Thursday, December 26, 2013

Washington Residential Burglary Is § 2L1.2 Crime of Violence

Guerrero pled guilty to illegal reentry in violation of 8 U.S.C. § 1326 and possessing a firearm as a prohibited person in violation of 18 U.S.C. §§ 922(g)(5)(A).  Over Guerrero’s objection, the district court determined that his prior conviction for residential burglary in Washington, Wash. Rev. Code § 9A.52.025, is a “crime of violence” both under § 2L1.2 and § 4B1.2(a).  The court applied the enhancements and sentenced Guerrero accordingly.

Guerrero argues that the Washington statute was broader than the generic definition of burglary because it includes fenced areas.  Washington defines a dwelling as “any building or structure . . . which is used or ordinarily used by a person for lodging” and “building” as “any dwelling, fenced area, vehicle, railway car, cargo container, or any other structure used for lodging of persons or for carrying on business therein . . . .”  The panel rejects this argument, finding “there is little or no ‘realistic probability’ that a Washington court would apply the statute to anything other than the structures permitted by” Supreme Court and Fifth Circuit precedent.  See, e.g., United States v. Castillo-Morales, 507 F.3d 873, 875 (5th Cir. 2007) (defining burglary of a dwelling as the unlawful entry into or remaining within, with the intent to commit a crime, a “structure, tent, or vessel where someone lives”).  The panel recognizes that the Ninth Circuit reached the opposite conclusion in United States v. Wenner, 351 F.3d 969 (9th Cir. 2003), finding that Washington has a broader definition of dwelling.  The panel, however, justified its different conclusion because of “the benefit of an additional decade of jurisprudence in which Washington’s courts have consistently interpreted the term such that it denotes and connotes traditional structures, and only those used for human habitation.”  Thus, Washington residential burglary is a crime of violence for purposes of § 2L1.2(b)(1)(A).
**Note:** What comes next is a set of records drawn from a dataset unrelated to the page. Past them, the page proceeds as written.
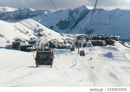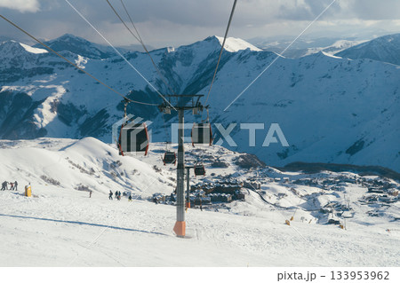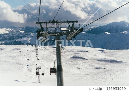 Gondola against snowy Caucasus Mountains, Gudauri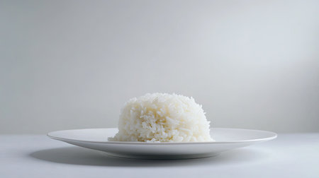 A basic yet elegant presentation of steamed white rice on a white dish, with a white background, highlighting the simplicity and purity of the meal.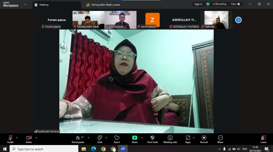 Dipandu oleh moderator Minhajuddin Madi, S.H., sesi ini kembali disampaikan oleh narasumber utama, Dr. Hj. Syahriyah Semaun, S.E., M.M., yang dengan apik menjelaskan konsep-konsep dasar regresi non-parametrik, termasuk uji Kruskal-Wallis dan Mann-Whitney, beserta aplikasi praktisnya dalam penelitian ekonomi syariah. Peserta tampak aktif berpartisipasi melalui sesi tanya jawab, di mana banyak yang berbagi pengalaman riset mereka dan meminta klarifikasi mengenai perangkat lunak seperti SPSS untuk analisis data non-normal. “Sesi ini sangat bermanfaat karena membuka wawasan baru tentang alternatif metode ketika asumsi parametrik tidak terpenuhi,” komentar salah seorang peserta, seorang mahasiswa doktoral dari universitas tetangga.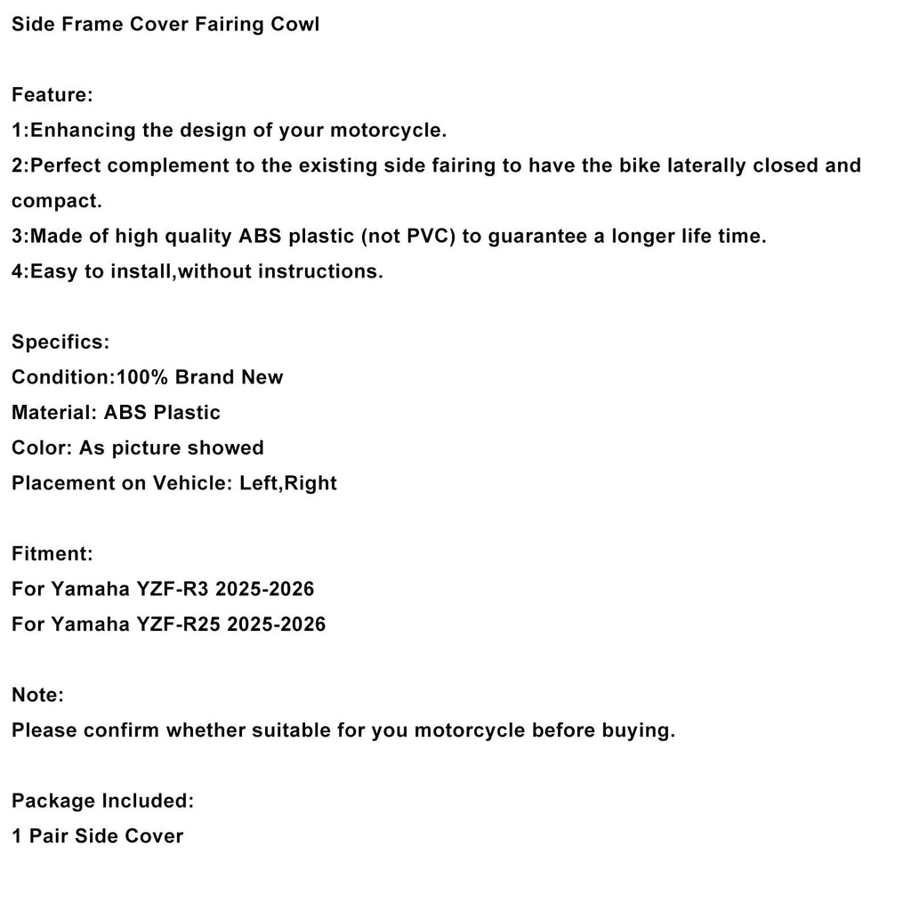 Carénage latéral compatible avec Yamaha YZF-R3 R25 2025-2026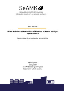 vammaistyön toimintaympäristöjä sekä kehitysvammaisten henkilöiden kanssa työskentelevien ammattilaisten pätevyysvaatimuksia. Teoriaosuudessa syvennytään seksuaalisuuden huomioimiseen asiakastyössä, kehitysvammaisten henkilöiden seksuaalisuuden erityispiirteisiin, seksuaalisen väkivallan muotoihin sekä puheeksi ottamisen ja turvataitokasvatuksen merkitykseen seksuaalisen väkivallan ennaltaehkäisyn menetelminä. Opinnäytetyön tutkimuksellisessa osuudessa on kerätty aineistoa haastattelemalla kehitysvammaisten henkilöiden kanssa eri roolissa toimivia sosiaali- ja terveydenalan ammattilaisia siitä, millainen opas haastateltavien henkilöiden näkemysten mukaan palvelee parhaiten ammattilaisia heidän kohdatessaan kehitysvammaisia seksuaalisen väkivallan epäilyn uhreja. Haastatteluista esiin nousi myös ammattilaisten lisätiedon tarve seksuaalisen väkivallan muodoista sekä puheeksi ottamisen ja turvataitokasvatuksen menetelmistä seksuaalisen väkivallan ennaltaehkäisyssä.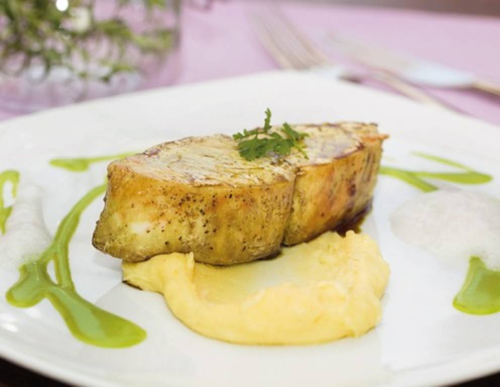 Zum Kürbiskernöl-Butterfisch mit Krenpüree passt im Frühjahr zum Beispiel noch eine würzige Bärlauchsauce.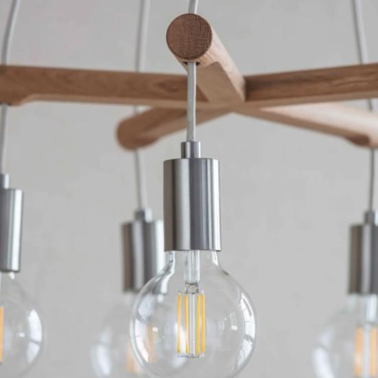 A focal point in any living space, this pendant light contrasts natural oak with sleek satin nickel to create this breath taking and truly unique light. Five vintage bulbs can be added to this light to provide maximum light projection whilst adding a sleek and moderns style to any home. Ideal placement above kitchen islands or above large dining tables to frame the area.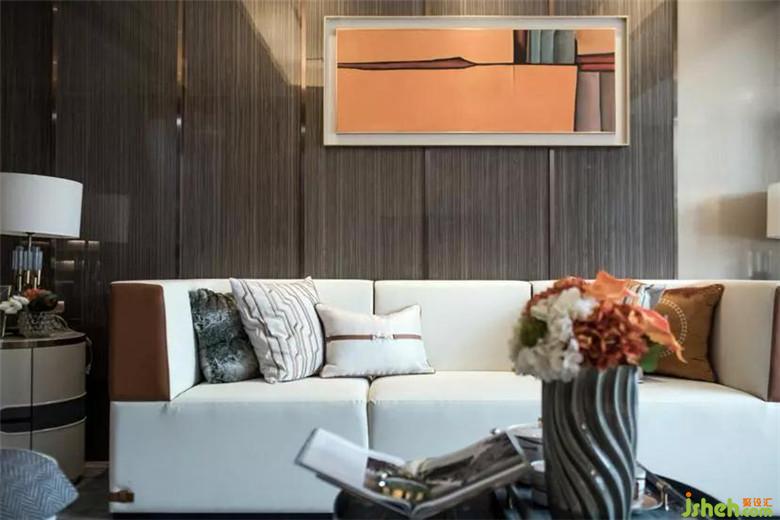 本案陳設(shè)以精品品質(zhì),呈現(xiàn)現(xiàn)代輕奢軟裝設(shè)計(jì),材料上選用木制、布藝、金屬、玻璃及科技木裝飾面,在家具和飾品上擯棄繁瑣的裝飾,用線(xiàn)條元素及簡(jiǎn)潔造型解釋理性主義,空間內(nèi)飽和度較高的橘色與穩(wěn)重的胡桃木飾面碰撞相融,對(duì)比色的運(yùn)用,大膽而靈活,是主人家的個(gè)性展示。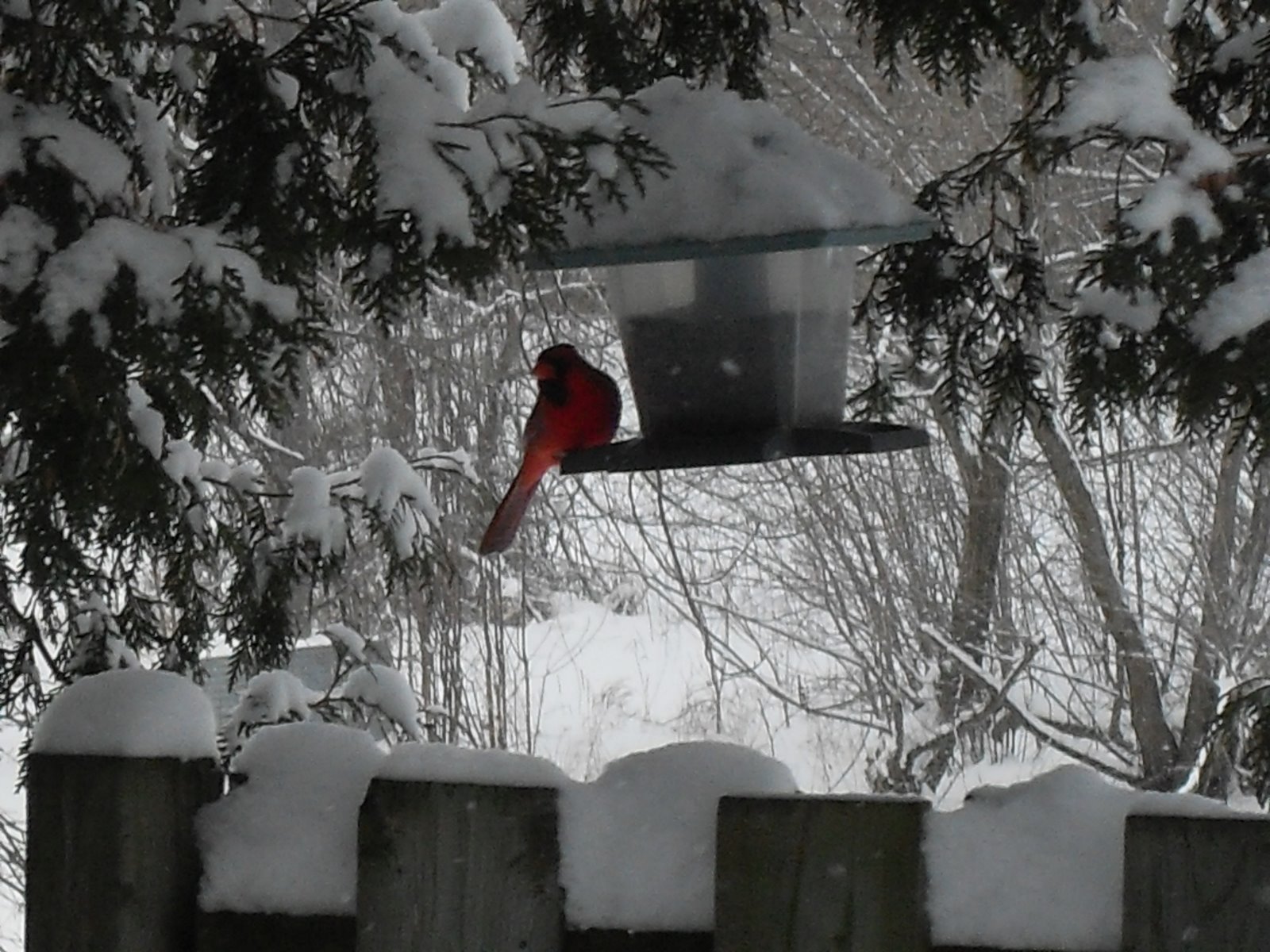outdoors Mrs. Cardinal January 22, 2009 - By Heather The lady has returned looking just as beautiful as ever in her red and brown coat.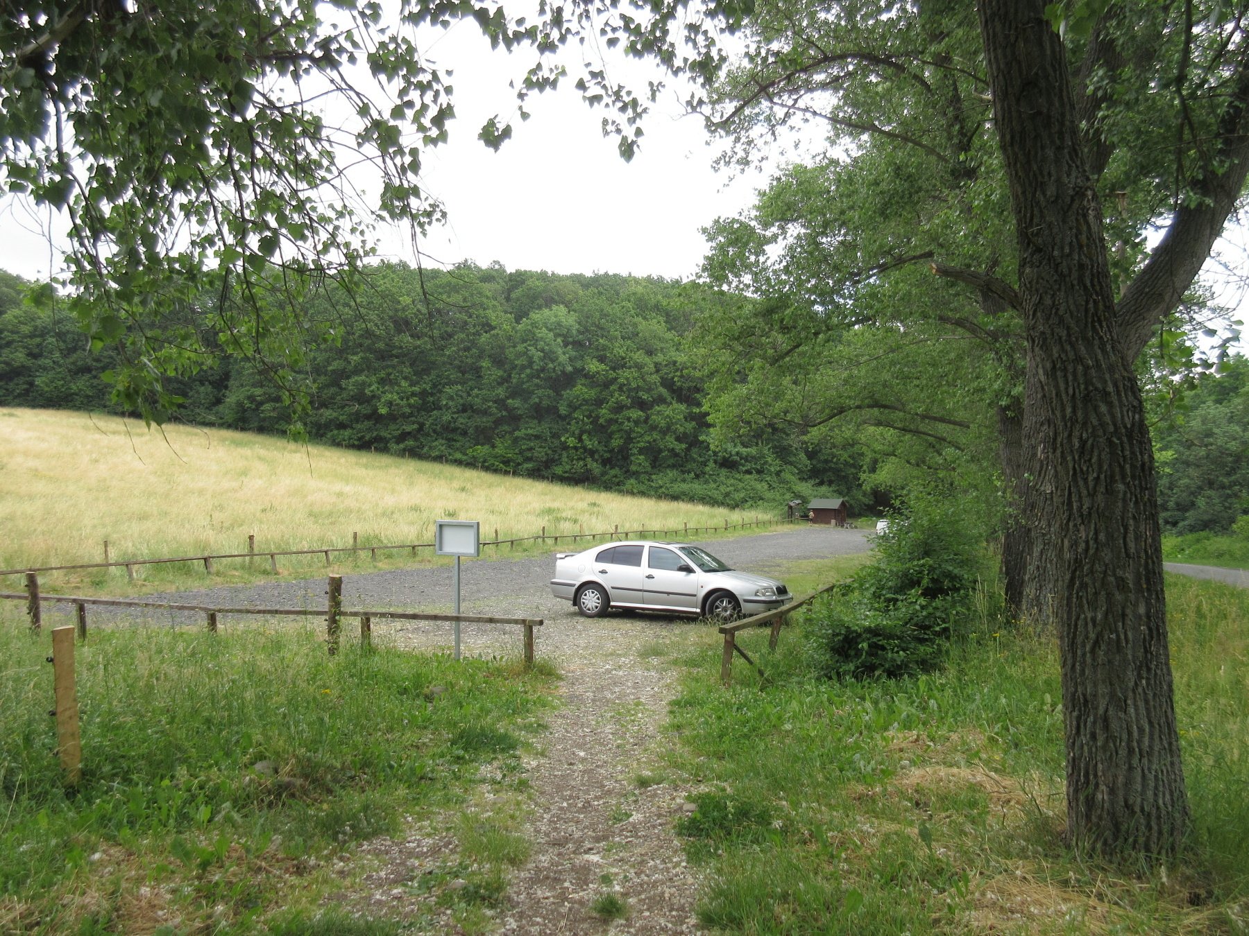 Milešovku. Ještě před obcí je obrovské parkoviště, které je asi v sezóně, možná i o víkendech zpoplatněné. Dnes tu stojí jedno auto a bouda je prázdná. To nám samozřejmě nevadí. Jen jsme mysleli, že se autem dostaneme o kus dál. Aspoň se při mírnějším stoupání trochu rozdejchám a snad se mi pak bude stoupat lépe. Je to docela prudké – na 2,5 km se má nastoupat 370 metrů.

Note: The opinion makes a few confusing misstatements that do not affect the ultimate analysis.  Don’t let those confuse you.  For instance, it applies the U.S.S.G. § 4B1.2 definition of a “crime of violence” instead of the definition in § 2L1.2.  Both § 4B1.2 and § 2L1.2 state that “burglary of a dwelling” is a crime of violence, and the § 4B1.2 definition also applies to this case because the guideline for his firearm conviction, U.S.S.G. § 2K2.1, refers to the crime of violence definition at § 4B1.2.  Also, the opinion states that Guerrero pled guilty to “knowing unlawful presence in the United States, in violation of 6 U.S.C. §§ 202(3) & 202(4).”  He really pled guilty to illegal reentry in violation of 8 U.S.C. § 1326.  Being present in the United States is not a crime unless it satisfies the criteria of “found in” described in 8 U.S.C. §1326.  Section 202 of Title 6 of the U.S.C. merely enunciates the responsibilities of the Under Secretary for Border and Transportation Security.